┌─ Information given

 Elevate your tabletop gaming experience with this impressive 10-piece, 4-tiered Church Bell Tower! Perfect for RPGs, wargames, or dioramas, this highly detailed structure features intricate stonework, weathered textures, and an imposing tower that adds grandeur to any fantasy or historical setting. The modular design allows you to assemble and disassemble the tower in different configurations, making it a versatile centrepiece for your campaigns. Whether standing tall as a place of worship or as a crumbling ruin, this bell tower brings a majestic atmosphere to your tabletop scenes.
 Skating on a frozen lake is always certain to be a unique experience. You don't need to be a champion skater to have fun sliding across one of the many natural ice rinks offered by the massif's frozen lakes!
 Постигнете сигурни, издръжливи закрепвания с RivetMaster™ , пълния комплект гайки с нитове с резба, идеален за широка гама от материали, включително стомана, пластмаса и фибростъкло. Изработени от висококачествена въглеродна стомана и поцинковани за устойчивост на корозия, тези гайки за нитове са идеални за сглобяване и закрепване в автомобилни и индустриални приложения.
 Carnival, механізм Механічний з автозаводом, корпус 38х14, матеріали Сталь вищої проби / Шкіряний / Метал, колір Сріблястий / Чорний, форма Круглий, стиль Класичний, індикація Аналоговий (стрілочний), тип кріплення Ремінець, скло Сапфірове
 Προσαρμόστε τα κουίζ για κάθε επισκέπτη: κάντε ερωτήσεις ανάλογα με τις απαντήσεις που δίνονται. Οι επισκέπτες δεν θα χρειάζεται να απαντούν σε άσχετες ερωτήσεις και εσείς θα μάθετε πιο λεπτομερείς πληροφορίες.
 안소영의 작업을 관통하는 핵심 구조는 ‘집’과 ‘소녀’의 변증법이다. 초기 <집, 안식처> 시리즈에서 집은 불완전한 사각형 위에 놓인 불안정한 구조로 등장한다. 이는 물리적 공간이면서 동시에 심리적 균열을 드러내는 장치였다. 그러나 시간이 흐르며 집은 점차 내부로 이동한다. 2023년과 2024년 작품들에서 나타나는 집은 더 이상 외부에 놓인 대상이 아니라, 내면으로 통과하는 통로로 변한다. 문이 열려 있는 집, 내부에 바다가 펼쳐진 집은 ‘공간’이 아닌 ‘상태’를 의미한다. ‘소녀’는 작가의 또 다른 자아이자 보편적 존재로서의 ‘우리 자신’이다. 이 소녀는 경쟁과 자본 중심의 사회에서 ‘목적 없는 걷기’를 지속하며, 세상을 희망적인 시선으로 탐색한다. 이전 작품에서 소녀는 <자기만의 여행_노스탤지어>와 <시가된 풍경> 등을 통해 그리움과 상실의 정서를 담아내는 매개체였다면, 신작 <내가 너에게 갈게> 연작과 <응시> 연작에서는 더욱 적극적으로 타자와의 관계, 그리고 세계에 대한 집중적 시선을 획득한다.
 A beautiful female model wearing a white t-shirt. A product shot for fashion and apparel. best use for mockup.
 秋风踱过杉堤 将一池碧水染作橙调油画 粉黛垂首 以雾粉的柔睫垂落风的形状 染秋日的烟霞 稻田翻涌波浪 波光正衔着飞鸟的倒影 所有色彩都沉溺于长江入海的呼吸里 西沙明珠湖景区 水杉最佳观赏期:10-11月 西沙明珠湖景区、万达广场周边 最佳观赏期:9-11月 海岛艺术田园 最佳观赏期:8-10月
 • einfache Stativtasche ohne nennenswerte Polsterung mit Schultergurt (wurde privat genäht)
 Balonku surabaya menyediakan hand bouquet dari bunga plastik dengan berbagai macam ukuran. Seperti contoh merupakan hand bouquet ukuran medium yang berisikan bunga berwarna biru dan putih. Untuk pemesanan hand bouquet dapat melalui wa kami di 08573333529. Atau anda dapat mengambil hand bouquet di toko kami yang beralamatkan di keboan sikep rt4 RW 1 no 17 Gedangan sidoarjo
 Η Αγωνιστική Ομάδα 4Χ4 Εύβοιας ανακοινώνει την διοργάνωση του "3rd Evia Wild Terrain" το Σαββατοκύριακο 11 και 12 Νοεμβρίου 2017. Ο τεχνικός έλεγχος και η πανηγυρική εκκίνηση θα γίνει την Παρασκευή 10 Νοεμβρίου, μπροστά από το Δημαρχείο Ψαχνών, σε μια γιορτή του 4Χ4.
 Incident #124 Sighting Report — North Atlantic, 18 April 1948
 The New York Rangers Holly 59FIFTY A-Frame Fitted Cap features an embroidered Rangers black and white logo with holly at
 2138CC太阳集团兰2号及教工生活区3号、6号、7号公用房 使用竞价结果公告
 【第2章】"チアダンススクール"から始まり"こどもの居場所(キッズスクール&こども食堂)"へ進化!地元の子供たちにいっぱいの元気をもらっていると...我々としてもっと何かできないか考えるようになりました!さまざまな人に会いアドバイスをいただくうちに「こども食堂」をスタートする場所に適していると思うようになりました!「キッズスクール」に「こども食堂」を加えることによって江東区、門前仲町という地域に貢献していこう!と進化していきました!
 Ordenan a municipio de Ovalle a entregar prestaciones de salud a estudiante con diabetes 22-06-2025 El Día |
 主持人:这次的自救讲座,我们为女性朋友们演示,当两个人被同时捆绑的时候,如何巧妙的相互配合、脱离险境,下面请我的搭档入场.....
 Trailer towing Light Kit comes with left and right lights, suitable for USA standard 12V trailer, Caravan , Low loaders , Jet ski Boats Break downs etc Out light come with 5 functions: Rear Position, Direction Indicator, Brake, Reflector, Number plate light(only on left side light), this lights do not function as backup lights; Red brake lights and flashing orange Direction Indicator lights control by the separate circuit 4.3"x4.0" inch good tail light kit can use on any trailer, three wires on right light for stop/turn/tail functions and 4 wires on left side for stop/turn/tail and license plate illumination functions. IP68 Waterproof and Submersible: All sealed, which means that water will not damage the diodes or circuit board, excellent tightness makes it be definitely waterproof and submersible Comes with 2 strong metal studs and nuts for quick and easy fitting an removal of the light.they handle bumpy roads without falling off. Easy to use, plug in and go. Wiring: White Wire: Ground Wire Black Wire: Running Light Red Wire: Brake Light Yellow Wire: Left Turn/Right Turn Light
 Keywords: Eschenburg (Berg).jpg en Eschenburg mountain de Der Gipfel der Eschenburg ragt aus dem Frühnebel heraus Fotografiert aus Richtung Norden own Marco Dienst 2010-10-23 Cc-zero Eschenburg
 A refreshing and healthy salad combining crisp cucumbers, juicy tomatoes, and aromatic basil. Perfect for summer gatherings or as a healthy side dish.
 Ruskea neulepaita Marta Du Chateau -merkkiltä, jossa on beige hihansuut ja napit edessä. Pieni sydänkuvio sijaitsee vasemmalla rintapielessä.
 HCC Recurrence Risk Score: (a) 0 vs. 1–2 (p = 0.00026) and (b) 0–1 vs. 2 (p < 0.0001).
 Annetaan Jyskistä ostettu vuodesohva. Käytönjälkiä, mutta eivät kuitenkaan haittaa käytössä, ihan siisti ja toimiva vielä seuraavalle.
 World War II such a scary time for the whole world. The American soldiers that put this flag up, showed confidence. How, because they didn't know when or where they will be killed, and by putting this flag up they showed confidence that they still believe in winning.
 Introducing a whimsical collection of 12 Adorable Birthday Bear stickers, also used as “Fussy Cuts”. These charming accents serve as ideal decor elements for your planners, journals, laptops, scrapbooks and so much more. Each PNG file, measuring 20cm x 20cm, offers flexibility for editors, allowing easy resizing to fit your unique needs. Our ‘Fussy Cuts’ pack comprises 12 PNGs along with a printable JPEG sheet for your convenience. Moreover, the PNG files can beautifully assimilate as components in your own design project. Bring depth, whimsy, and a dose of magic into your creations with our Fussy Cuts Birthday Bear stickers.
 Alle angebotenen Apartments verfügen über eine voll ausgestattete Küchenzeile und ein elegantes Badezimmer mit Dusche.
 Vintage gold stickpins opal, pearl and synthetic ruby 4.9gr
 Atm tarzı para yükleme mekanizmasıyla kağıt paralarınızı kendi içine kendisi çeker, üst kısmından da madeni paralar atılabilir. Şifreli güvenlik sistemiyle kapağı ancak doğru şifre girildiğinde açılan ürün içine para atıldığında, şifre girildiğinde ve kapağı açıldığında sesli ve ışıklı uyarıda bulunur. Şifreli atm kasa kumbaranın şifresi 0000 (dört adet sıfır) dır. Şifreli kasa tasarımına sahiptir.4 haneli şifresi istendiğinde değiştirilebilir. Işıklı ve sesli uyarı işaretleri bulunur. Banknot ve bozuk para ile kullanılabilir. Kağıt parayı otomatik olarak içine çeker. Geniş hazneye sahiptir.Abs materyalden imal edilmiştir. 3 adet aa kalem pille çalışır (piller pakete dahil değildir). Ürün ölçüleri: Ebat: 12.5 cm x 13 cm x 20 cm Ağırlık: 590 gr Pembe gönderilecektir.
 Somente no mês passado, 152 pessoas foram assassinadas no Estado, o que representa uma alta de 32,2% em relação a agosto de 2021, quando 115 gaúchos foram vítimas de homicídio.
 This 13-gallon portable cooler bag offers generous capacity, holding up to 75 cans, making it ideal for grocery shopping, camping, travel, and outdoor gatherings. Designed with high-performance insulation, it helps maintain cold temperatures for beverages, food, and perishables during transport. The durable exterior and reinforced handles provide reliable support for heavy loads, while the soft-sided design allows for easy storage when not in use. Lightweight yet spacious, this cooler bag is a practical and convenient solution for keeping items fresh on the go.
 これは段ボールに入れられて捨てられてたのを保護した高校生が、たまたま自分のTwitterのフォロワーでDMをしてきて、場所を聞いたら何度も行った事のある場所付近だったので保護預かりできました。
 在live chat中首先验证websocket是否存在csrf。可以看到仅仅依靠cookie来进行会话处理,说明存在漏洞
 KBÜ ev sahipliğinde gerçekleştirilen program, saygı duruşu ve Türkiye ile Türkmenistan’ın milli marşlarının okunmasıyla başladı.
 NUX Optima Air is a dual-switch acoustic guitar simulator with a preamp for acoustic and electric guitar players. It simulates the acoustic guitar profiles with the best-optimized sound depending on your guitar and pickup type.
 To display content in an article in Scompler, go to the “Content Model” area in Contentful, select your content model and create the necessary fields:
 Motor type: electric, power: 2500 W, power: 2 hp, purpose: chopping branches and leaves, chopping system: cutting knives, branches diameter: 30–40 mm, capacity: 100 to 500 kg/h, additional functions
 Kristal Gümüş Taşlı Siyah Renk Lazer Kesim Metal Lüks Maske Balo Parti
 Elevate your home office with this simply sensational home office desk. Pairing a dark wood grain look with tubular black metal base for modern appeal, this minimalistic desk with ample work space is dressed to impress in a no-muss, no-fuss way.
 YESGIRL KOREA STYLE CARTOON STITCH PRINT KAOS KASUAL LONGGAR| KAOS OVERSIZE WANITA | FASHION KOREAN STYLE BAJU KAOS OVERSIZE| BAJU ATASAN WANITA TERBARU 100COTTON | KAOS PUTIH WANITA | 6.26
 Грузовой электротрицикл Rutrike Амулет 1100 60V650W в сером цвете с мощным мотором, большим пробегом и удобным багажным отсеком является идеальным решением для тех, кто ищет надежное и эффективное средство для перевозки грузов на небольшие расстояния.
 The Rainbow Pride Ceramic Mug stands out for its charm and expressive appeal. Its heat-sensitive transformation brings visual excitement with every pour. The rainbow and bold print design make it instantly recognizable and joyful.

└─

Everything from the line containing "A beautiful female" through the line containing "主持人:这次的自救讲座,我们" in the material above should be retyped exactly, both ends included, and nothing more.

*Response to the exercise*
 A beautiful female model wearing a white t-shirt. A product shot for fashion and apparel. best use for mockup.
 秋风踱过杉堤 将一池碧水染作橙调油画 粉黛垂首 以雾粉的柔睫垂落风的形状 染秋日的烟霞 稻田翻涌波浪 波光正衔着飞鸟的倒影 所有色彩都沉溺于长江入海的呼吸里 西沙明珠湖景区 水杉最佳观赏期:10-11月 西沙明珠湖景区、万达广场周边 最佳观赏期:9-11月 海岛艺术田园 最佳观赏期:8-10月
 • einfache Stativtasche ohne nennenswerte Polsterung mit Schultergurt (wurde privat genäht)
 Balonku surabaya menyediakan hand bouquet dari bunga plastik dengan berbagai macam ukuran. Seperti contoh merupakan hand bouquet ukuran medium yang berisikan bunga berwarna biru dan putih. Untuk pemesanan hand bouquet dapat melalui wa kami di 08573333529. Atau anda dapat mengambil hand bouquet di toko kami yang beralamatkan di keboan sikep rt4 RW 1 no 17 Gedangan sidoarjo
 Η Αγωνιστική Ομάδα 4Χ4 Εύβοιας ανακοινώνει την διοργάνωση του "3rd Evia Wild Terrain" το Σαββατοκύριακο 11 και 12 Νοεμβρίου 2017. Ο τεχνικός έλεγχος και η πανηγυρική εκκίνηση θα γίνει την Παρασκευή 10 Νοεμβρίου, μπροστά από το Δημαρχείο Ψαχνών, σε μια γιορτή του 4Χ4.
 Incident #124 Sighting Report — North Atlantic, 18 April 1948
 The New York Rangers Holly 59FIFTY A-Frame Fitted Cap features an embroidered Rangers black and white logo with holly at
 2138CC太阳集团兰2号及教工生活区3号、6号、7号公用房 使用竞价结果公告
 【第2章】"チアダンススクール"から始まり"こどもの居場所(キッズスクール&こども食堂)"へ進化!地元の子供たちにいっぱいの元気をもらっていると...我々としてもっと何かできないか考えるようになりました!さまざまな人に会いアドバイスをいただくうちに「こども食堂」をスタートする場所に適していると思うようになりました!「キッズスクール」に「こども食堂」を加えることによって江東区、門前仲町という地域に貢献していこう!と進化していきました!
 Ordenan a municipio de Ovalle a entregar prestaciones de salud a estudiante con diabetes 22-06-2025 El Día |
 主持人:这次的自救讲座,我们为女性朋友们演示,当两个人被同时捆绑的时候,如何巧妙的相互配合、脱离险境,下面请我的搭档入场.....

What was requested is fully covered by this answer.